◆ **Task requirements**: Of the lines listed below, return exactly those that run from the line containing "Carats. Sizing Available." through the line containing "puppy comes with", both included.

◆ **Input data**:
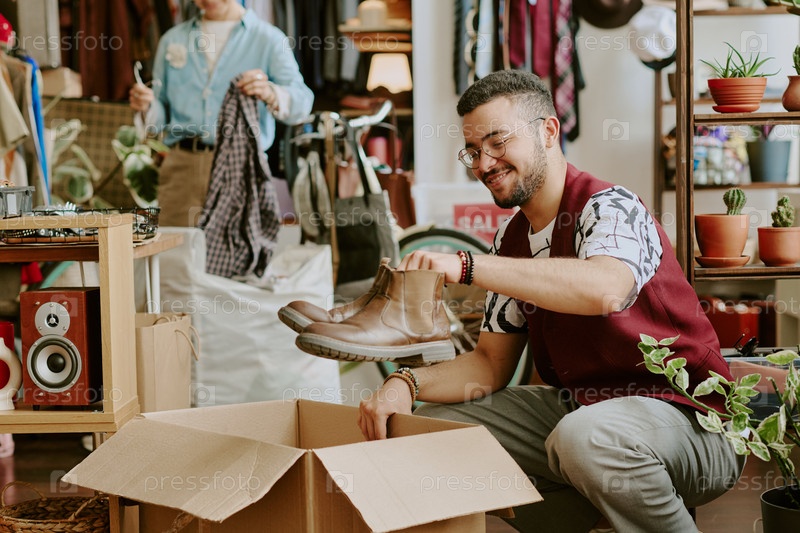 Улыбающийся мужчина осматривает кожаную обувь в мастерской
==
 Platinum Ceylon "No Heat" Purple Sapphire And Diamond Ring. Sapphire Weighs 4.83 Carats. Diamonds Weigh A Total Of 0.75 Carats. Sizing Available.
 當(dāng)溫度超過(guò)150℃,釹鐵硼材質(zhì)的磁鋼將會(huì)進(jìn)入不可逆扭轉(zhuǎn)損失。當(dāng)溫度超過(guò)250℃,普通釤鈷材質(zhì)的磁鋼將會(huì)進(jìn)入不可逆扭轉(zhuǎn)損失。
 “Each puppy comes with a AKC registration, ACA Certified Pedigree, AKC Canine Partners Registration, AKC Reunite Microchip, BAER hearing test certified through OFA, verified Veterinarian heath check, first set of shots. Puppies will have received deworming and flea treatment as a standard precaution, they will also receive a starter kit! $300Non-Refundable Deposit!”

◆ **Task response**:
 Platinum Ceylon "No Heat" Purple Sapphire And Diamond Ring. Sapphire Weighs 4.83 Carats. Diamonds Weigh A Total Of 0.75 Carats. Sizing Available.
 當(dāng)溫度超過(guò)150℃,釹鐵硼材質(zhì)的磁鋼將會(huì)進(jìn)入不可逆扭轉(zhuǎn)損失。當(dāng)溫度超過(guò)250℃,普通釤鈷材質(zhì)的磁鋼將會(huì)進(jìn)入不可逆扭轉(zhuǎn)損失。
 “Each puppy comes with a AKC registration, ACA Certified Pedigree, AKC Canine Partners Registration, AKC Reunite Microchip, BAER hearing test certified through OFA, verified Veterinarian heath check, first set of shots. Puppies will have received deworming and flea treatment as a standard precaution, they will also receive a starter kit! $300Non-Refundable Deposit!”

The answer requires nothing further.